But it’s thought that employers, often with 50 or more graduate CV’s to read at one time, spend an average of 6 seconds scanning the CV you poured hours of time and effort into.
To be in with a chance of getting an interview, your graduate CV needs to be well-structured, reflective of your skills and experiences, tailored to the specific vacancy you’re applying to, and still be unique in some way.
It can certainly be difficult to make sure that you stand out from the thousands of other candidates on the hunt for graduate jobs – but not impossible.
Here are our tips for writing a great CV and landing the graduate job you want – whatever your level of experience, and whichever type of role you are applying for.
It might seem obvious, but at the top of your CV you’ll need to clearly state your personal details – your name, address, email and phone number (we’d advise not including a photo of yourself).
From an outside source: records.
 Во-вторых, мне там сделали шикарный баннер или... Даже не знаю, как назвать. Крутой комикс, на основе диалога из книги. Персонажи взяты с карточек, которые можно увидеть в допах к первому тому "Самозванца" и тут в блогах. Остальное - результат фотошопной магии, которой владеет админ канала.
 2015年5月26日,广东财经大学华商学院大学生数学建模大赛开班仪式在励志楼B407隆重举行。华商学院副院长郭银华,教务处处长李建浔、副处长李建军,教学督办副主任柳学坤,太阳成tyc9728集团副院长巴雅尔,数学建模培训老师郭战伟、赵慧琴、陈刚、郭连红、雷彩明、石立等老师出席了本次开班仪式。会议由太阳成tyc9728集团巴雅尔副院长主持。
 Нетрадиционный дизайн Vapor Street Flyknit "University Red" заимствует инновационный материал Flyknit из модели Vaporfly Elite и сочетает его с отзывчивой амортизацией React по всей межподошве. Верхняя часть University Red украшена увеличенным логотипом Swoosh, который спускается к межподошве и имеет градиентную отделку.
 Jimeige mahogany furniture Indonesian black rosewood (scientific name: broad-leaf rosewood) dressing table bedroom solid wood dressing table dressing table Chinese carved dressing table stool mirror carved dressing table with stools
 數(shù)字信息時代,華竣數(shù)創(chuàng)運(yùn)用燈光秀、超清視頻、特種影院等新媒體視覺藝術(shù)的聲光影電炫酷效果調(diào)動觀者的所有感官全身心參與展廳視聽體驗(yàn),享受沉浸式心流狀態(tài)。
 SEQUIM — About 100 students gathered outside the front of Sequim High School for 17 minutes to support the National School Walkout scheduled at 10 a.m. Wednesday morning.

If an employer has decided to contact you, not being able to see your details right away might make them think twice – so to ensure that you get the invite to interview, your details should be written in a clear, legible font, right at the top of your graduate CV.
Top tip: That embarrassing email address you chose back in 2009? It doesn’t belong on your CV, and should be kept only for private use. It will only take 5 minutes of your time to set up a professional email address using a free provider – ideally, this will be your full name, with no nicknames, symbols or numbers.
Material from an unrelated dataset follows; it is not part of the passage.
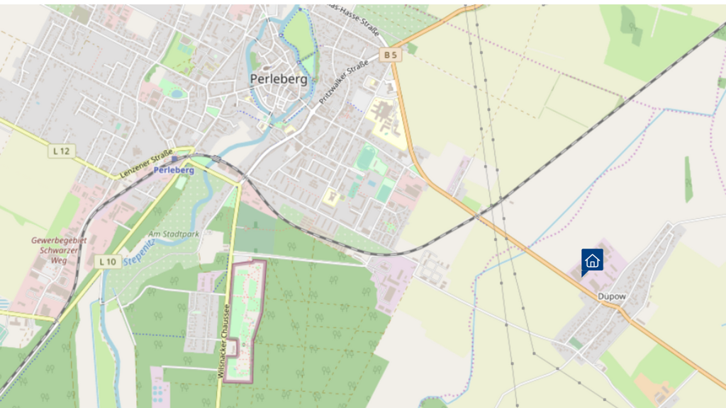 Düpow liegt im Nordwesten des Landes Brandenburg. Der Ort liegt ca. 2 km südöstlich von Perleberg mit ca. 12000 Einwohnern. Durch den Ort selbst führt die Bundesstraße 5 , welche direkt nach Berlin führt, was in ca. 150 km Entfernung liegt. Die nächste Autobahnauffahrt zur BAB 14 ist nur ca. 15 min zu erreichen. Die strategisch gute Lage zwischen Hamburg und Berlin verbunden mit einer bezahlbaren Kaltmiete war für alle bisherigen Nutzer ein erheblicher Standortvorteil.
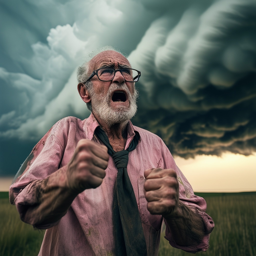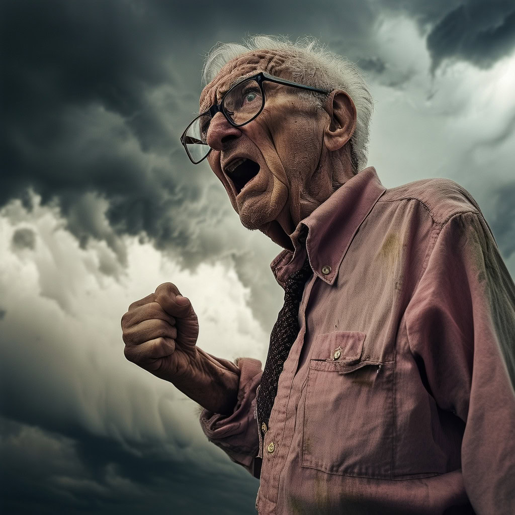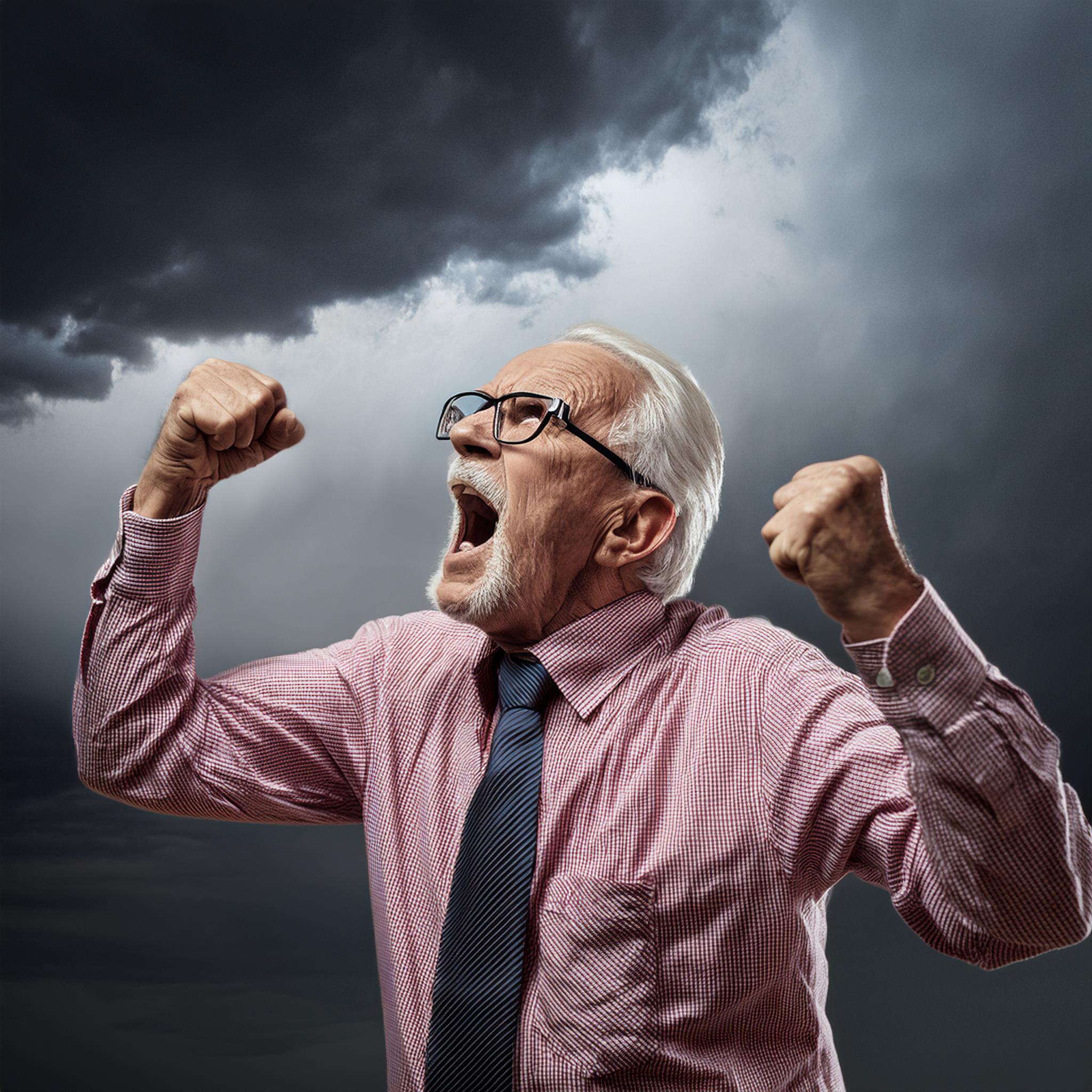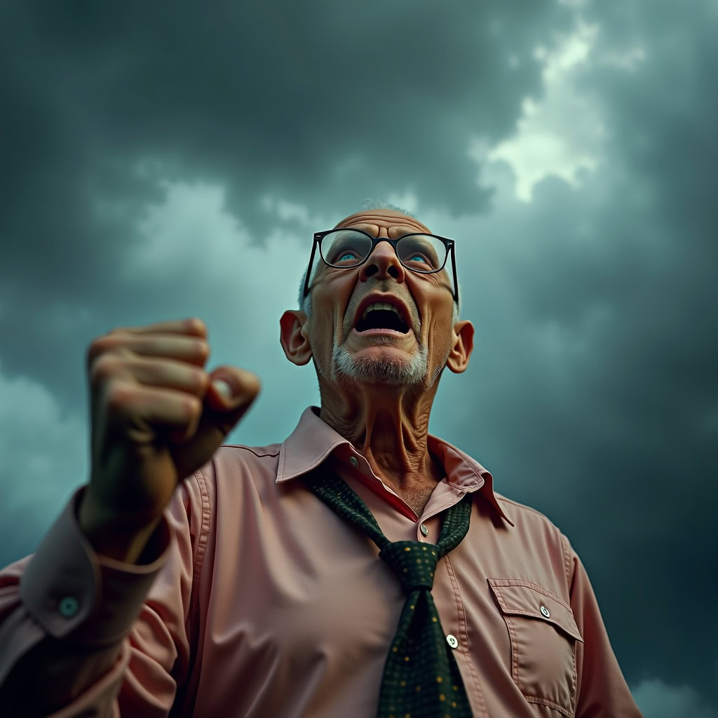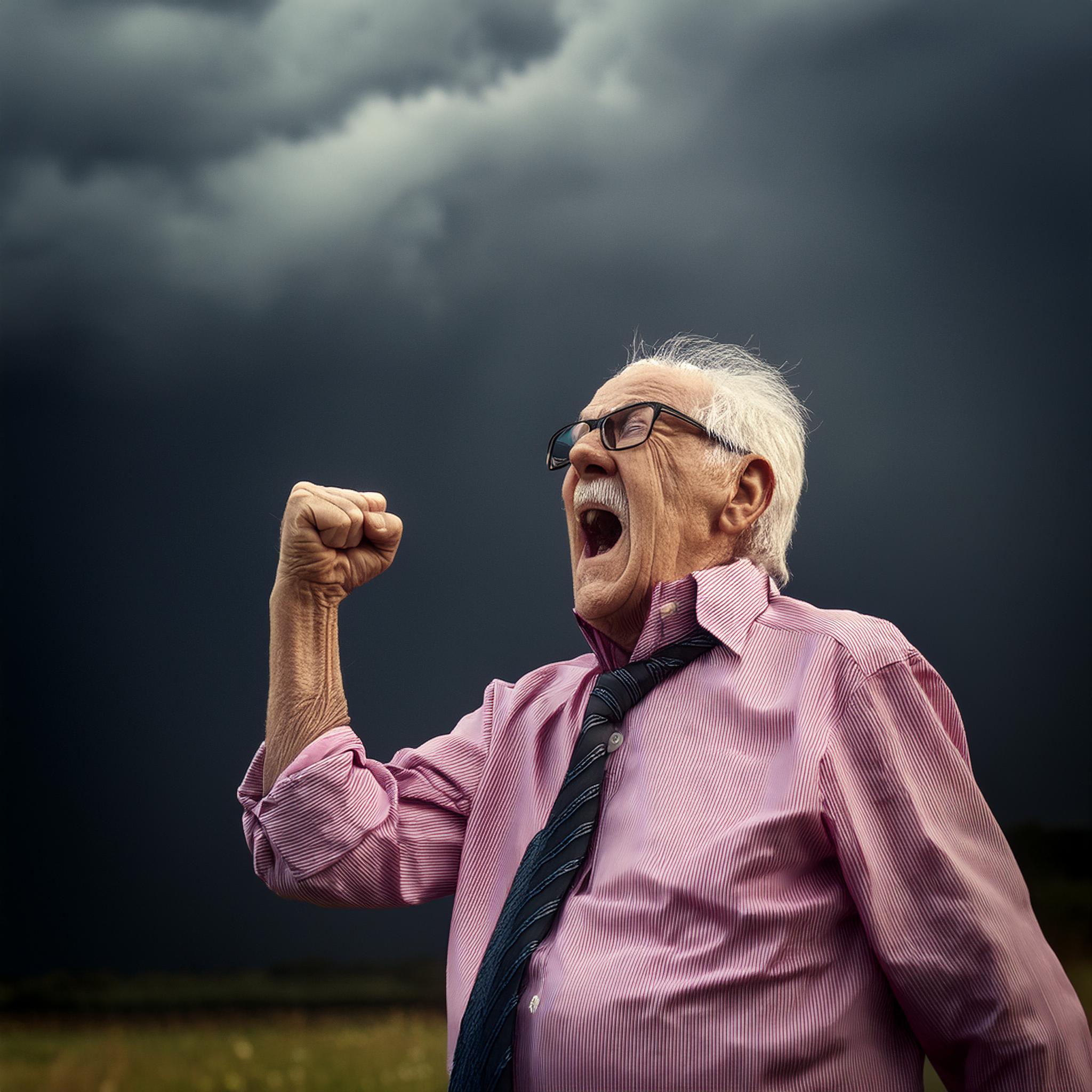 Prompt: photo of a frail old man with clenched fist yelling wearing glasses and an old faded pinkish shirt with a tie around his neck and looking at a threatening storm cloud, cinematic, detailed, atmospheric, dramatic light

Directly underneath your personal details, your graduate CV should include a short personal profile which outlines your key skills, interests and career ambitions. Think of this section like a very short personal statement – 3 or 4 sentences that you can really personalise, to capture the attention of an employer and help them to understand in the first few seconds of reading your CV what makes you, you.
Your personal profile should be honest, but should show your worth to an employer – so feeling like you’re being a bit conceited isn’t unusual. Pick out the best things about you, whether this be personality traits, skills, achievements, or the career path you’re interested in following – and shout about them! An employer will be interested to know what YOU think the best things about you are, so let them know from the off what they can expect from the rest of your CV.
Top tip: It’s acceptable to write your personal statement in either the 1st or the 3rd person – ‘A recent graduate seeking…’ or ‘I am a recent graduate seeking…’. Both have their own benefits (one is more objective, the other more personal), and it doesn’t really matter which one you choose, as long as you remain consistent throughout.
On any graduate CV, you should always include the schools and universities you have attended, the dates you studied there, and the results you obtained. Many candidates searching for graduate jobs make the mistake of just listing their university and degree qualification – but you can also include details of projects you worked on, modules or courses you studied, and specific skills you obtained.
Top tip: If you’re lacking in work experience, use your education to demonstrate the transferrable skills you learned. In your History World War II research project, for example, you might have used research skills, worked as part of a team, exercised great time management or fantastic organisational skills. Listing the skills that specific aspects of your education taught you will indicate to an employer that you have just the attributes they are looking for, even if they haven't come from years of work experience.
Your work experience should be written in chronological order, with the most recent first. It should include the company name, your role or function, and any responsibilities or achievements you have had in the past. Some would argue that it’s better to only to include relevant experience, tailored to the particular role or company you are applying to – and this is certainly something to consider if you’ve got lots of work experience already under your belt.
But if you’re lacking in this kind of experience then it’s more than OK to include any voluntary work, extra-curricular projects or part-time jobs you’ve had. Just try to make these relevant to the graduate jobs you are applying to, and link them to the particular skills that the role calls for. To really impress an employer, include action verbs like ‘transformed’, ‘initiated’ or ‘inspired’, to indicate the kind of impact you had, and the results that you were able to deliver.
Top tip: Explain any large gaps in employment. Big gaps without any explanation will be a red flag to any employer, and it’s better to include what you were doing during this time than to leave them guessing. But whatever you do, don’t lie – you will get caught out eventually.
Although it’s not a necessity, this section can help to bulk out a CV that is lacking in solid work experience, as well as showing an employer other ways you might be suitable for the role. It can include sports teams you were part of, societies you were involved in, or any academic awards you won – and remember to include what you actually learned (i.e. the transferrable skills you gained) from doing these things.
Including information about extra-curricular interests and achievements is also a great way to emphasise your personality – and can indicate to an employer that you are a well-rounded individual who is likely to be an asset to their company.
Top tip: Pick only your most relevant interests, and tailor them to the specific role and company you’re applying to - if you’re an avid reader applying to a publishing house, for example, this would be one to include on your graduate CV. As a rule of thumb, never include anything that you wouldn’t be able to hold a conversation about if you are asked in your interview – because saying you’re a die-hard Shakespeare fan won’t be quite so impressive when you struggle to name your favourite comedy.
When you’re on the hunt for graduate jobs, a well-structured, formatted and tailored CV is the best way to stand out from the job-hunting competition. So if you want to score an interview for your dream job, make sure that employers are getting the best possible impression of you from your graduate CV.